Delayed coker process units are a unique and fun challenge. The integration of a batch process with a continuous process never ceases to entertain, and at the center of it all is a large and complex heater. As a bright-eyed and bushy-tailed process engineer many years ago, I was amazed that these things worked at all.
Modern delayed coker heaters provide the energy to drive the coking process with challenging feeds, wide temperature cycles, and operating constraints. The balancing act maintained by the operations team to hit the correct coil outlet temperature, maintain an even heat flux, manage drum swaps, and remain vigilant to comply with decoke timing can be quite challenging.

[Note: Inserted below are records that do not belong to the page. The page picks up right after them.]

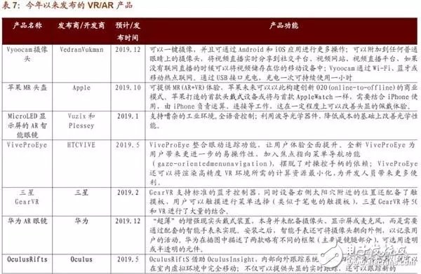去年以來,包括微軟、蘋果、谷歌等巨頭爭相加碼VR/AR市場,19年進(jìn)入新品發(fā)布期。資料顯示,全年國內(nèi)外廠商預(yù)計(jì)發(fā)布10余款A(yù)R新品,三星、華為均透露在19年年內(nèi)發(fā)布VR產(chǎn)品,且新品性能大幅提升。
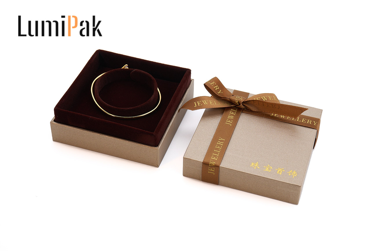 金棕蝴蝶结方形手镯盒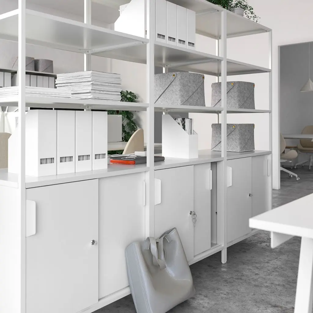 Бесплатно 10 лет гарантии. Подробнее об условиях гарантии — в гарантийной брошюре.Заднюю панель шкафа можно установить сзади или в середине как перегородку, чтобы обеспечить доступ к содержимому с двух сторон, с одной из которых будут раздвижные дверцы, а с другой — открытые полки.Отдельно стоящий шкаф очень удобно использовать как перегородку между разными функциональными зонами. Он создает ощущение уединенности, при этом не загораживает рабочее место полностью и подходит как для просторных, так и для небольших помещений.Раздвижные дверцы запираются, поэтому вы можете спокойно хранить за ними свои личные вещи.Вы можете превратить свое рабочее пространство в идеальное место для семинаров и совещаний, закрепив между полками доску ТРОТТЕН для записей. Чтобы она прочно держалась, зафиксируйте ее с помощью прилагающихся к ней креплений.Закрепив на шкафу доску ТРОТТЕН для записей, вы сможете легко выделить в офисе с открытой планировкой уединенное рабочее место. Доска будет служить барьером для шума, поэтому ничто не будет отвлекать вас от работы.Этот модуль для хранения протестирован для офисного использования и соответствует требованиям к прочности и устойчивости, установленным стандартами EN 14073, EN14074, ANSI/BIFMA x5.9 и ISO-7170.Разработано и протестировано для офисного использования.Можно разобрать на компоненты для переработки или энергетической утилизации, если это предусмотрено в вашем регионе.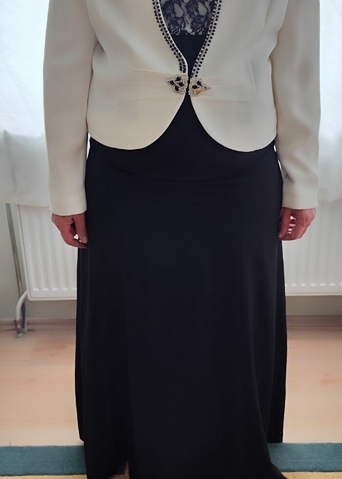 ürün bir kez giyilmiş ceketli takımdır herhangi bir sıkıntısı yoktur. elbisesi kalın askılı koldur kollarına yarım tül eklenmiştir orjinal gibidir.
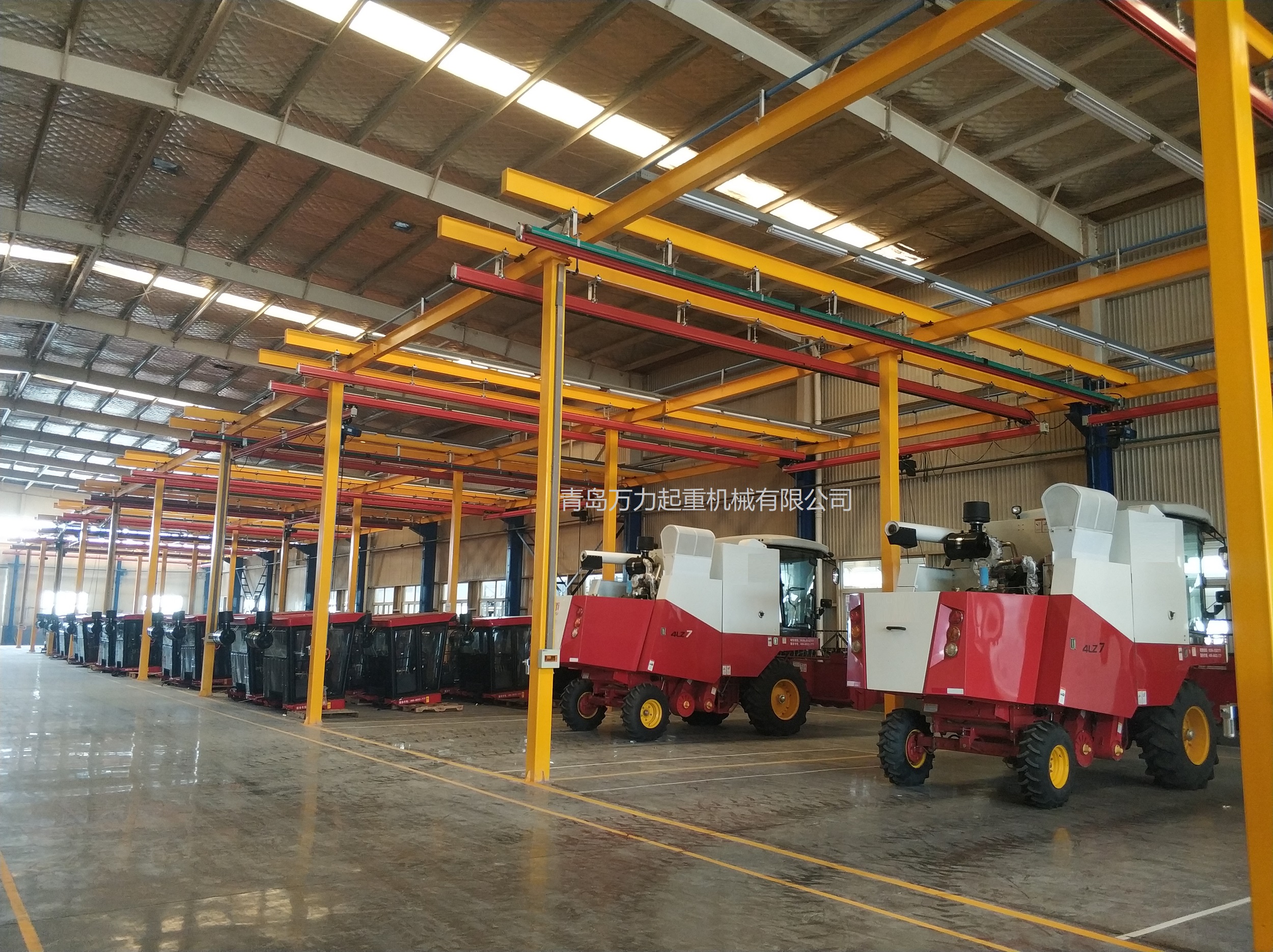 KBK,為Kombiniert Kran的縮寫,意為組合式起重機。主要由軌道、懸掛裝置、行走小車和一些功能組件構(gòu)成,所有模塊都為標準組件。起升裝置主要采用環(huán)鏈電動葫蘆,也可吊掛一些機械手或焊槍之類,作為工具滑軌使用。起重量一般為125kg-2000kg。KBK軌道-采用Ω形狀,2片焊接而成。常用的是KBKII型軌道,多根軌道可用高強度螺栓連接。彎軌的轉(zhuǎn)彎半徑1.5m,大彎可用直軌搭配。沒有更小半徑的,會對小車運行有影響。(KBKI型軌道轉(zhuǎn)彎半徑1m,在此不做介紹)。也可在KBKII型軌道內(nèi)側(cè)安裝內(nèi)置滑觸線,用于葫蘆供電,稱為KBKII-R型。懸掛裝置一般可以安裝在工字鋼/H型鋼下緣,有一定自鎖功能,安裝簡便牢靠。功能組件包括:道岔,十字轉(zhuǎn)盤,升降段等。KBK組合起重機包括-單軌起重機、-單梁起重機、-雙梁起重機、-伸縮梁、-堆垛機等各種型式的起重設備,起重量0.125t~2t適應范圍極廣,尤其適用于現(xiàn)代化生產(chǎn)輸送線,其特點概述如下: 1、可靠性好、穩(wěn)定性高 KBK輕型起重機系統(tǒng)的組成部件全部是標準模塊,可以保證大批量、高質(zhì)量生產(chǎn),因而系統(tǒng)十分可靠;系統(tǒng)模塊的主體是三種規(guī)格的冷軋型材,強度大,剛度好,自重輕,保證了系統(tǒng)的穩(wěn)定性。 2、適應能力強 KBK系統(tǒng)可根據(jù)工廠各工位的需要,靈活地設計安裝起重機系統(tǒng),從定點運送到高準確度地多點、多節(jié)拍的自動化輸送線,都能隨意組合而成??捎糜谛略O計的廠房,也可用于舊系統(tǒng)的改造或延伸。3、安裝方便,經(jīng)濟高效 KBK系統(tǒng)的安裝調(diào)試很方便,型材及各標準模塊之間只須用螺栓連接即可使用,可節(jié)省工廠的空間和面積,大大減少了人力資源,提高生產(chǎn)效率,從而降低能耗,提高企業(yè)效益。系統(tǒng)可以手動操作,也可以實現(xiàn)自動、半自動操作,運行高效。

Fired heaters in coking units can be single or double-fired configurations, typically with multiple cells and many burners. Most recent designs favor the dual-fired approach, in which -burners are configured on each side of the process tubes. Keeping the heater radiant tubes healthy is critical to maintaining safe and reliable operations of the full coker unit. Three key enemies of the tubes are time, pressure, and temperature. Each should have properly specified parameters identified for corrosion, velocity, etc. Time and pressure are readily quantifiable parameters that allow for accurate and repeatable direct measurement possible. Temperature, however, can be tricky due to the possibility of internal tube fouling. I will generally refer to this fouling as “coke,” but please be aware that it is not always an organic formation. While coke is typically an organic formation, it can also be present as a non-organic compound. Our enemy, tube temperature, is critical to how long tubes will last and the economic considerations that should be considered. Figure 1 shows shift case examples of tube life for a given coker radiant tube. For instance, in a 9-chrome design, these heaters routinely operate with radiant tube temperatures between 1,000 and 1,250°F.
Over the course of many years, a 50°F difference in operating temperature can reduce tube life by decades. Put another way, a 4-5% change in a tube’s maximum operating temperature can significantly change how long it can survive its environment. As delayed coker operators and support teams, how do we manage this risk reasonably while providing as much flexibility to push unit rate and severity?